++++ Stored data ++++
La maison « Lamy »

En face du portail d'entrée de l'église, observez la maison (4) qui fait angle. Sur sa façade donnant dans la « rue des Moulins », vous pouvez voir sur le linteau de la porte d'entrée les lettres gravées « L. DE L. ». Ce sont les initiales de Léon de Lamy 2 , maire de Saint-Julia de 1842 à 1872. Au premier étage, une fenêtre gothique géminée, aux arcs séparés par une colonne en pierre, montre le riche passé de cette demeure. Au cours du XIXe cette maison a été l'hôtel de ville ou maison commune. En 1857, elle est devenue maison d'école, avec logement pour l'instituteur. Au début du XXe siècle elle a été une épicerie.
++++
++++ Stored data ++++
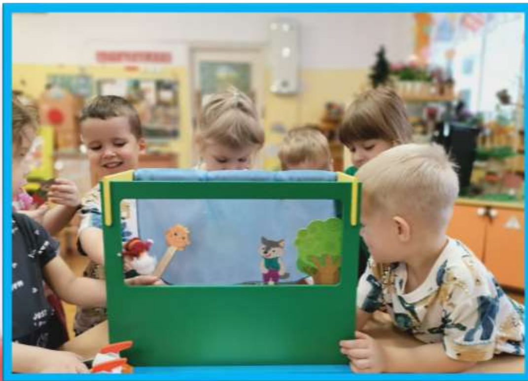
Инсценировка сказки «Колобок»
++++
++++ Stored data ++++
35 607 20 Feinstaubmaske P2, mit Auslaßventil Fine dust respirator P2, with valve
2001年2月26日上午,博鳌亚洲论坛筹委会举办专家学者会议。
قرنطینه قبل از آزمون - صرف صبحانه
++++
Exercise directions -> Beginning with the line holding "2001年2月26日上午,博鳌亚洲论坛筹委会举办专家学者会议。" and ending with the line holding "قرنطینه قبل از آزمون - صرف صبحانه", write out the stretch of material above exactly; add no further lines.

Completed task ->
2001年2月26日上午,博鳌亚洲论坛筹委会举办专家学者会议。
قرنطینه قبل از آزمون - صرف صبحانه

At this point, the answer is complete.